Pulse-doppler radar is based on the fact that targets moving with a nonzero radial velocity will introduce a phase-shift between successive pulses for the sample volume containing the target. Target velocity can therefore be estimated by determining the average phase-shift between successive pulses within a pulse packet. Real characteristics of a returned signal from a target may vary due to: wind shear, turbulence, differential fall velocity (particularly at high angles of attack), antenna rotation, and variation in refraction of microwave fronts. The generation of radar used in F-4s could be tricked into not seeing an approaching aircraft due to this differential fall velocity. All this being said, considering our thread, the radar in the current-generation of US fighter aircraft is more than capable of tracking an incoming adversary, regardless of thrust-vectoring, jinking, etc.


----------



## davparlr (May 7, 2006)

Bullockracing said:


> Pulse-doppler radar is based on the fact that targets moving with a nonzero radial velocity will introduce a phase-shift between successive pulses for the sample volume containing the target. Target velocity can therefore be estimated by determining the average phase-shift between successive pulses within a pulse packet. Real characteristics of a returned signal from a target may vary due to: wind shear, turbulence, differential fall velocity (particularly at high angles of attack), antenna rotation, and variation in refraction of microwave fronts. The generation of radar used in F-4s could be tricked into not seeing an approaching aircraft due to this differential fall velocity. All this being said, considering our thread, the radar in the current-generation of US fighter aircraft is more than capable of tracking an incoming adversary, regardless of thrust-vectoring, jinking, etc.
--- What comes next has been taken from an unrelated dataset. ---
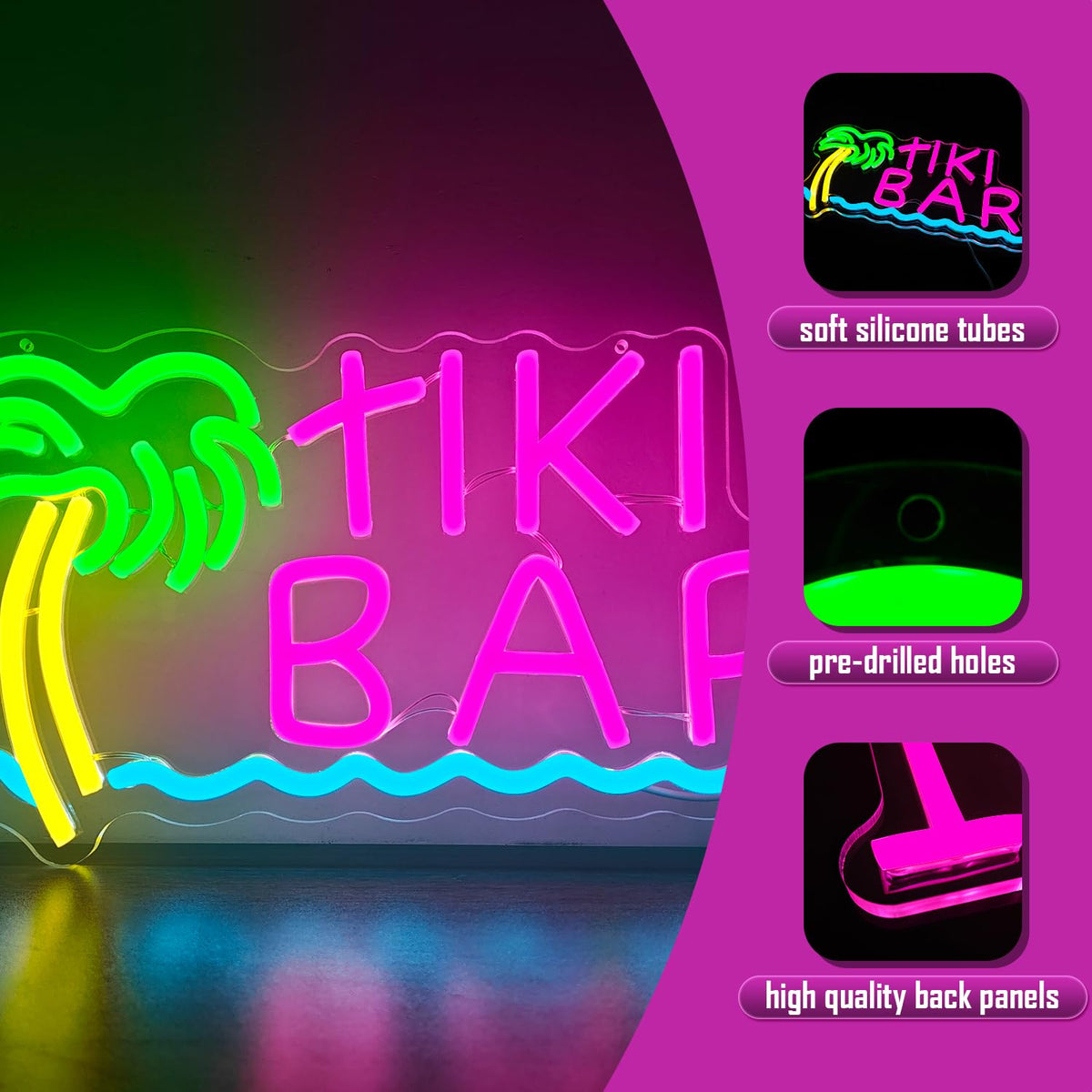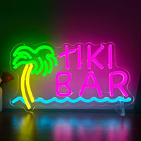 Q: What makes the Tiki Bar Neon Sign a stylish addition to my decor?A: The Tiki Bar Neon Sign features a fashionable design with bright colors that enhance the visual appeal of any space, making it a perfect addition to bars, lounges, bedrooms, and other areas where you want to create a lively atmosphere.
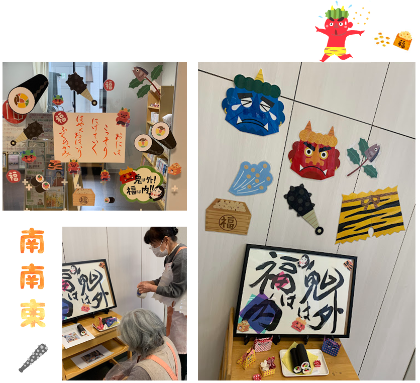 節分は、季節の変わり目に悪いものを追い出し、縁起のよいものを食べて新しい季節を迎える行事です。節分を前に、病院内のボランティアとして活躍いただいている「すみれ会」の方々にお手伝いいただき、ロビーと患者図書室の飾りつけを行いました。

I think we are saying the same thing. If we go back to my original comment which was based on the Indian claim of defeating the F-15 in simulated combat. I did some internet research that indicated that the Indians had use thrust vectoring to defeat the F-15 radar. I said, roughly, that that was strange because breaking doppler lock techniques are not new and can be defeated easily. I said that I suspect the AF may have been playing a "we have to have the F-22" game.


----------